Forty-two men were in the mine at the time of the explosion, 25 of whom were in the vicinity of the stope.  Owing to the reversal of the air currents, 8 men were killed and 17 were injured by fumes on the level below the stope where normally fresh air entered this section of the mine.  One of the injured died several days later, making a total of 9 killed.

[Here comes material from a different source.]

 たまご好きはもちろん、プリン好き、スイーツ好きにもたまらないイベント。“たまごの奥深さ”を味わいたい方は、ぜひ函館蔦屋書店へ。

The 17 men who worked at some distance from the 10 North No. 1 stope were able to save themselves by stopping a blower fan and opening a compressed air line near the face of the crosscut in which they were working.  These men were rescued by crews working in fresh air after the mine ventilation was restored.

Source:
Historical Summary of Mine Disasters in the United States - Volume III


8 Copper Miners Die in Explosion
Charlestown Gazette, West Virginia
January 6, 1943

Ducktown, Tenn., Jan. 5. -- (AP) -- Eight men were killed and the lives of more than two score others endangered here today in a mid-afternoon explosion at the Tennessee Copper Company mine.

General Supt. Lamar Weaver of the mine said a routine detonation of a normal amount of dynamite, set off at 3 p.m., caused a dust explosion, which in turn interrupted the working of an air fan.

Eight bodies had been recovered within a few hours after the explosion, Weaver said, and 14 other miners, suffering from varying degrees of asphyxiation, were under treatment at Copperhill and Ducktown hospitals.  The remainder of the shift of 54 men in the tenth level, where the explosion occurred, escaped serious injury, he said, and there was no indication of further casualties.

Weaver said rescue squads were clearing the tenth level within an hour after the explosion.  The air fan was restored to use to aid the squads in their work.

An unofficial list of dead was:
  • Homer Payne
  • Simon Dunn
  • Thomas Fritts
  • L. G. Spurling
  • W. D. Deal
  • Elmer Pless
  • Ralph Hancock
  • C. B. Helton
All the victims lived in the copper basin which embraces Ducktown, Copperhill and North Fannin County in Georgia.

Note: One of the injured died several days later, making a total of 9 killed.